Typically, if you join the bookclub, it’s expected that you read the book. I know that’s asking a LOT, but we have to ask that of people who wish to join.
So please join us IF YOU READ THE BOOK.
And before debating, please begin by telling us your experience of the book: positive or negative? uplifting or downed? enriched? informed? did you like it? did it make you angry?
I’ll open by saying I really liked this book. It’s short, pretty easy to read, and makes points clearly. And it’s about a truly interesting and courageous character, who I’m also fond of. I don’t want to hog the club, so lets see who else read the book, and what they have to say.

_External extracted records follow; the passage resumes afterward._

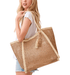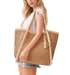 Two Tone Woven Straw With Tassel Tote Bag
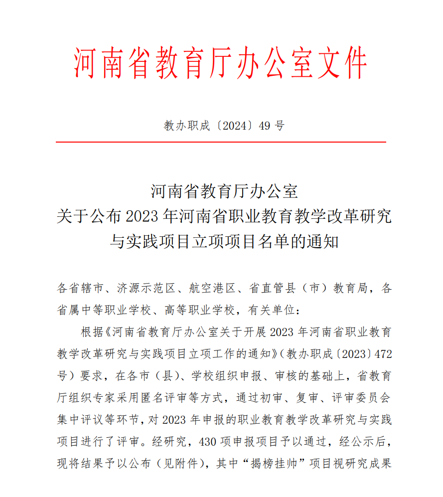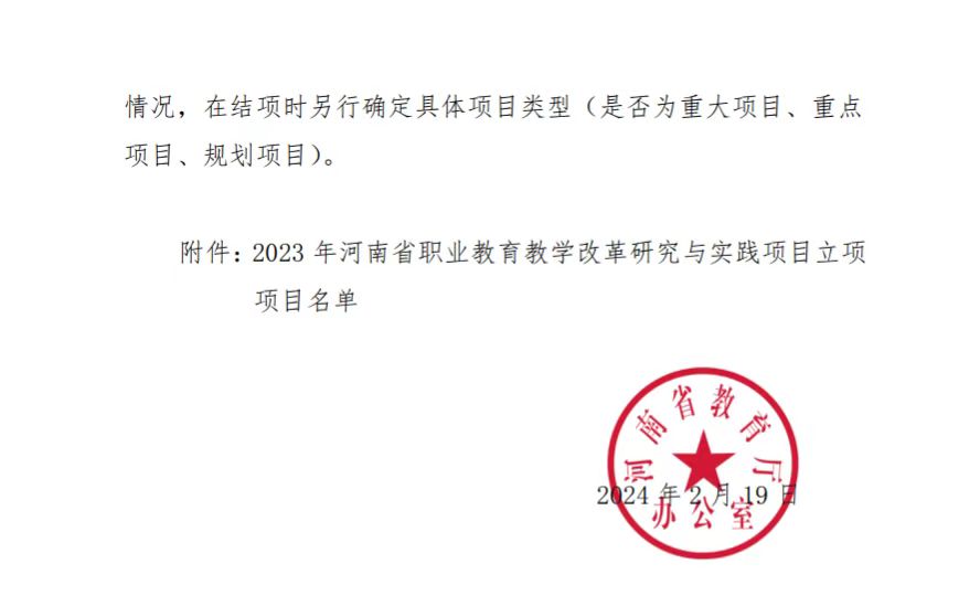 據(jù)《河南省教育廳辦公室關于開展 2023 年河南省職業(yè)教育教學改革研究與實踐項目立項工作的通知》(教辦職成〔2023〕472號):
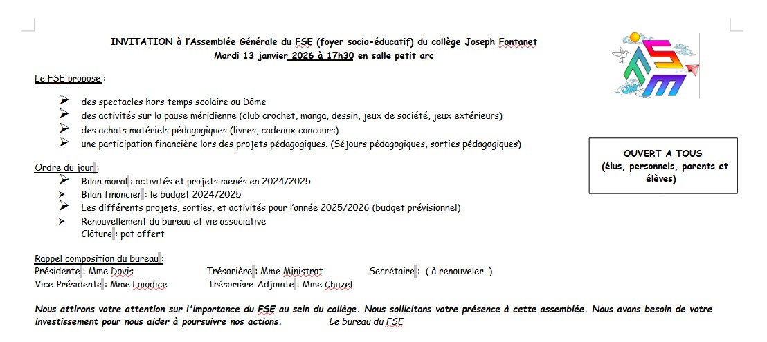 Invitation AG du FSE le mardi 13 janvier 17h30-18h30

Here’s a review of the book (I edited out 95%) that was in the NYTimes:
The Radical
Review by JON MEACHAM
Published: March 12, 2006
In his fascinating new book, “What Jesus Meant,” Garry Wills says:
“To read the Gospels in the spirit with which they were written, it is
not enough to ask what Jesus did or said,” Wills writes. “We must ask
what Jesus meant by his strange words and deeds.”

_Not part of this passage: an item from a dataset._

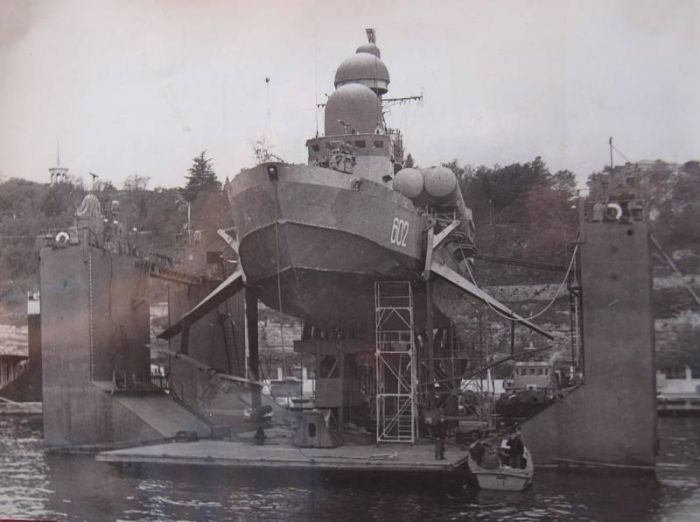 МРК проекта 1240 «Ураган» в сухом доке в Севастополе

Wills says. “The only Jesus we have is the Jesus of faith. If you
reject the faith, there is no reason to trust anything the Gospels say.”
At the same time, if you accept the faith, there is no reason to trust
everything the Gospels say, either.
Jesus, Wills thinks, “intended to reveal the Father to us, and to show
that he is the only-begotten Son of that Father. What he signified is
always more challenging than we expect, more outrageous, more
egregious.” [They say the same thing about BTM ]
Wills convincingly shows that Jesus was a radical whose essential
message to love one another totally and unconditionally is fundamentally
at odds with the impulses of those living in a fallen world. Jesus left
sundry examples of how one should live not for power but for the poor,
not for fame but for forgiveness.
Jesus’ earliest followers believed in their Lord’s physical
resurrection. If the tomb had not been empty, the authorities could have
shut down the early Christians rather easily by dragging out Jesus’
bones; they had, after all, gone to all the trouble to execute him, and
the only plausible explanation for the disciples’ transformation from
scattered and scared to fierce preachers and martyrs is that they came
to believe Jesus had in fact risen from the dead and began, at last, to
understand what he had been saying to them all along. So what is the ultimate meaning of Jesus? The question will be with us
always, even to the end of the age. But we do know this: One cannot read
his story without seeing that there is no life without love.